═══ GIVEN ENTRIES

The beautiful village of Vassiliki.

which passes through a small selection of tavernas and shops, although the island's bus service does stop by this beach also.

══════
═══ GIVEN ENTRIES

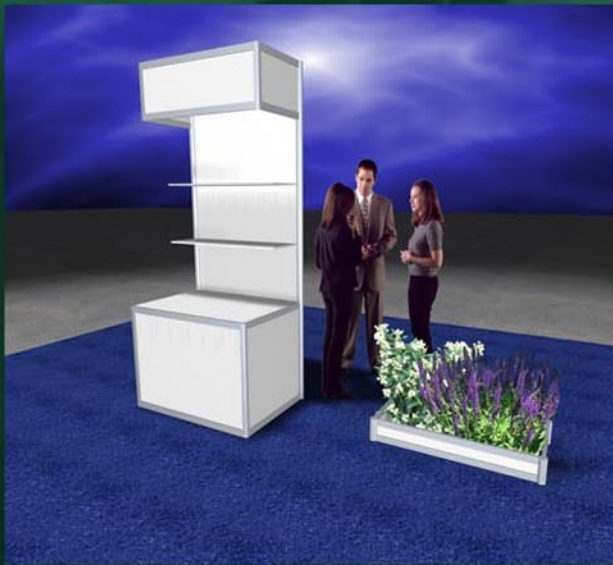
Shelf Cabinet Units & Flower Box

══════

**WHAT IS NEEDED:**
Would you please copy exactly the part of the entries above that begins at the line containing "The beautiful village of Vassiliki." and ends at the line containing "which passes through", both lines included?

**RESPONSE:**
The beautiful village of Vassiliki.

which passes through a small selection of tavernas and shops, although the island's bus service does stop by this beach also.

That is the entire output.